What the task asks:
A verbatim reproduction of the lines below, from the line containing "Art. C2712 BERNER ROSEN ALKOHOL 66g" through the line containing "Slika 10. Hemianax ephippiger (Web 18)", both ends included, is the whole required output.
**** Task inputs
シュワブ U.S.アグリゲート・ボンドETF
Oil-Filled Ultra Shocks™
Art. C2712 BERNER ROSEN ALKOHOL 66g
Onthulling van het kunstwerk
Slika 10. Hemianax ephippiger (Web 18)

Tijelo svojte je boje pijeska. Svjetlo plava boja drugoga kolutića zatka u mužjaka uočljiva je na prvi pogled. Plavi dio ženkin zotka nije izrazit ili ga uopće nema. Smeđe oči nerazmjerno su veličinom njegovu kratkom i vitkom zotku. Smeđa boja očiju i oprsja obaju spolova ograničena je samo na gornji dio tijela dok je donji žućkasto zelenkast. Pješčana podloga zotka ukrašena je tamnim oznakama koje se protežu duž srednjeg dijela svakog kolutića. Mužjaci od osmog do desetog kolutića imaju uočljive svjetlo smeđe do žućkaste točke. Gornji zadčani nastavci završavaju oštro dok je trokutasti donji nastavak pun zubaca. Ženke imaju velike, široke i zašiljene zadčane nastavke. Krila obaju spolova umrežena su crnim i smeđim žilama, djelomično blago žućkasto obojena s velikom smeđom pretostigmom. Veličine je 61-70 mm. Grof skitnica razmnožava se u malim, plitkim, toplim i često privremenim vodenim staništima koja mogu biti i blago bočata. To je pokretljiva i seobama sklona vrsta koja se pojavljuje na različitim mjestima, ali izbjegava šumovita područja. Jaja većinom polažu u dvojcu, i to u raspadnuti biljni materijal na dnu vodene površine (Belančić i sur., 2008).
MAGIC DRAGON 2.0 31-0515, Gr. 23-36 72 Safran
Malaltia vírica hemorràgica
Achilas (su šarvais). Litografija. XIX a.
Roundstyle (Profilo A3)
********
Written answer:
Art. C2712 BERNER ROSEN ALKOHOL 66g
Onthulling van het kunstwerk
Slika 10. Hemianax ephippiger (Web 18)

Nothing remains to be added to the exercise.